Kern County Department of Public Health laid off 27 staff and shut down its Shafter public health clinic. CDC funding streams halted March 24, 2026 — early termination of grants supposed to run through June 30. Active situation through May 2026. Pattern: county public health retreating means FQHCs (especially Clinica Sierra Vista's 200K-patient Kern County footprint) absorb more uninsured demand without compensating revenue. Strategic implication for Central Valley FQHCs: (1) Clinica Sierra Vista board/CFO should model FY26-27 uncompensated-care line item with Kern PH closure as new baseline assumption; (2) Shafter-area patient routing — CSV's nearest sites need capacity check; (3) opportunity for FQHC-county MOU on absorbed services (e.g., immunizations, STI screening, perinatal home visits) to capture even partial cost reimbursement; (4) advocacy alignment with CPCA + CHCF on county-PH cascade as FY26-27 budget testimony framework. Distinct from already-tracked Fresno County $300M cascade — the Kern PH retreat extends the Central Valley public-health-to-FQHC cost-shift pattern.

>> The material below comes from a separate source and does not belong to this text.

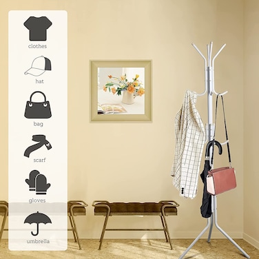 Multipurpose ➤ Our freestanding coat hanger has 3 strong and sturdy mental prong legs, which make it can support multiple thick cloth items, it will not shake or tip over. 12 hooks allow you to hang several clothing items such as coats, jackets, ties and cardigans along with accessories like handbags, hats, laptop bags, scarves and umbrellas.

Lodi Wellness Center will close June 30, 2026 — a behavioral health service closure in San Joaquin County tied directly to Proposition 1 (BHSA) funding reallocation. Strategic implication: Prop 1 was sold to voters as expanding behavioral health, but the housing-focused reallocation is now triggering existing BH service closures. Central Valley FQHCs (Adventist Health Hanford-adjacent, Livingstone Community Health, San Joaquin General partners) will inherit displaced BH patients with no replacement infrastructure. Operational action items: (1) Build June 30 onboarding capacity for displaced Lodi patients, (2) Coordinate with San Joaquin County BH for warm handoffs, (3) Audit ECM and Community Supports caseload capacity for surge absorption, (4) Track other CA Prop 1 closures as they cluster — this is unlikely to be isolated. Pairs with the CalAIM 1115 waiver renewal pending CMS approval — both threats to FQHC BH continuity in 2026-27.